If you want to do something like that, I would suggest spacing out the prices a little bit, with, say, 2 really inexpensive, 2 moderate, 2 premium and one or two "I can't imagine I could appreciate a wine that costs this much," whatever that means to you.  If you make them too close, I think it's hard to say what was just dependent on the retailer you bought from or minor discounts in the supply chain, vs. real market segmentation. Like, $10-15 cab (Liberty School, for one, a not bad option, and Clos du Bois), $20-40 cab, $60-75 cab, and a three digit bottle.  Just my sense of it.

No one in their right minds thinks the pleasure of a wine is linear to price, right? There's a pleasure just in tasting something rare, even if it's just a tiny bit better.  But now we're into the "is there an objective measure of wine quality." 

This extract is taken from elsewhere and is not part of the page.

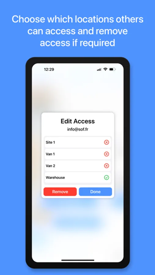 Share your stock list with others to allow them to view and update the quantities of each product. Choose which locations others can access and remove access from specific people if required.
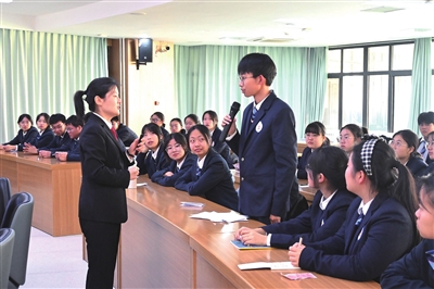 “同学们目前主要的生活环境是家、学校和社会。下面这个案例,大家可以思考一下,如果在学校与同学发生矛盾该如何应对。事情发生在学校自习室内,一名性格内向的女生,与一名男生发生误会,女生误以为男生对她做了侮辱性手势,两个人发生争执,女生推倒男生桌椅,男生扇了女生一个耳光。当场,女生脸部、耳朵红肿。后来,女生精神上出现幻觉,经司法鉴定构成精神三级残疾。” 魏雪飞讲述的案例引发同学们讨论。

BTW, GregT, my intro to RdD was buying stuff that a distributor had gambled on.  Less than half of your bodega's eventual price, and made me a fan for life.  Maybe people like the points systems because the other "objective" (read: numerical) measure of price isn't working for them. Makes them comfortable for a while.  "Hey, it's a 90 point wine, and I got it for only $9." If dmcker says it's a $19 wine, that sounds like a good measure--he'd pay $19 and I have a pretty good idea of what he likes. Maybe all wine could be sold by auction--then it would sell for exactly what the person buying it thinks it's worth.